*How to complete this task:* No pictures belong in the copy. Restate the rest of the data exactly.

*Data:*
########################################

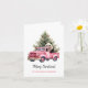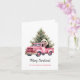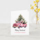Panda en tarjeta de felicitación de Navidades de camioneta rosa Vintage. Dibujo acuarela de oso panda blanco en un camión de cosecha rosa y árboles navideños con baudias rosas. Texto personalizado.
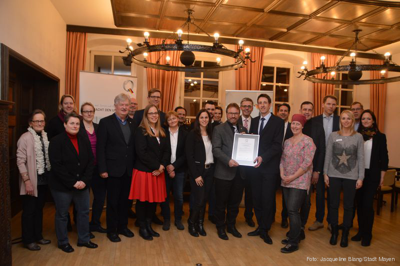 Kurz vor Weihnachten erreichte die Koordinatorinnen dann die freudige Nachricht: Mayen ist für weitere drei Jahre als QualitätsStadt ausgezeichnet! Dabei lobte die Prüfstelle die „gute Arbeit“. „Die Rezertifizierung ist ein Beleg und Zeichen für die Kunden, dass Qualität nicht nur kurzfristig gedacht wird, sondern als nachhaltiger Faktor und dauerhafter Prozess erkannt wurde und die Bemühungen kontinuierlich am Laufen gehalten werden“, so die ServiceQualität Deutschland in ihrem Prüfbericht.
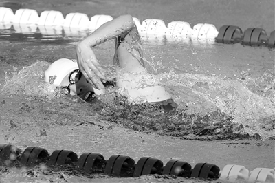 当地时间3月10日,在埃及开罗举行的2024年现代五项世界杯混合接力赛决赛中,中国组合张琳彬/钟秀婷以1280分的总成绩位列第六名。图为钟秀婷在游泳比赛中。

########################################

*Reply to the task:*
Panda en tarjeta de felicitación de Navidades de camioneta rosa Vintage. Dibujo acuarela de oso panda blanco en un camión de cosecha rosa y árboles navideños con baudias rosas. Texto personalizado.
 Kurz vor Weihnachten erreichte die Koordinatorinnen dann die freudige Nachricht: Mayen ist für weitere drei Jahre als QualitätsStadt ausgezeichnet! Dabei lobte die Prüfstelle die „gute Arbeit“. „Die Rezertifizierung ist ein Beleg und Zeichen für die Kunden, dass Qualität nicht nur kurzfristig gedacht wird, sondern als nachhaltiger Faktor und dauerhafter Prozess erkannt wurde und die Bemühungen kontinuierlich am Laufen gehalten werden“, so die ServiceQualität Deutschland in ihrem Prüfbericht.
 当地时间3月10日,在埃及开罗举行的2024年现代五项世界杯混合接力赛决赛中,中国组合张琳彬/钟秀婷以1280分的总成绩位列第六名。图为钟秀婷在游泳比赛中。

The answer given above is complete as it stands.